# Need help removing Delta bathroom faucet



## Mr_allthumbs (May 24, 2010)

I've got an 8 y.o. Delta faucet in my bathroom. I can't seem to loosen the Allen screw in the hot faucet. Can someone help me?

Neither faucet has ever been removed before. My 3/32 Allen wrench seemed a tad too loose, but my 7/64 Allen wrench is clearly too big. I called Delta, which told me that those allen screws took either a 3/32 or 1/8 Allen wrench.

On the cold tap, I was able to get the wrench in, and it seemed like it was in very well, but it slipped out when I tried to turn it.

Of course, I'm afraid of stripping the head on these screws. But I'm totally stymied! 

What's the secret to success here?


----------



## Alan (Apr 12, 2006)

Sometimes you just can't get them out. 

2 options : If you want to try and save the faucet, you can try drilling out the allen screw or using a screw extractor kit or something similar....

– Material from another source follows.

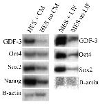 Fig. 1. GDF3 is specifically expressed in the undifferentiated state of embryonic stem cells. (Left panel) RT-PCR of GDF3 expression levels in H1 human embryonic stem cells (HES) in the continued presence (CM) and absence (no CM) of conditioned media for 7 days. (Right panel) GDF3 RT-PCR in 129Ola mouse ES cells in the presence or absence of LIF for 3 days. OCT4, SOX2 and NANOG are markers of pluripotency. β-actin is shown as a loading control; no RT control showed no signal.

Otherwise you can just replace it. I hate those little screws sometimes


----------



## wrangler (Oct 9, 2008)

Have you tried a different 3/32 wrench yet? Sometimes the end will get a bit rounded making it slip. A grinder or fine metal file can also be used to remove the rounded tip if needed. Otherwise I might even try a metric in case someone used a metric set screw because they lost the original.


----------



## Mr_allthumbs (May 24, 2010)

*Metric Allen wrench didn'twork*

Yeah, one of the first things that occurred to me. I tried a metric--2.5 is the closest "next-biggest". Too big.


----------



## Mr_allthumbs (May 24, 2010)

*Extracting an allen screw*

ALLEN (et al):

Do you think it would help if I put some heat (torch) on the screw?


----------



## Mike Swearingen (Mar 15, 2005)

Have you tried inserting the Allen wrench and giving it a few taps with a hammer to try to break loose any calcium deposit buildup in the threads, or soaking it a bit in vinegar to dissolve the calcium?
Or, if you can get one to bite good, gripping the Allen wrench with channel-lock pliers for torque?
Mike


----------



## Mr_allthumbs (May 24, 2010)

*Vinegar to break up calcium deposits*

Good idea, I'll try it, thanks.


----------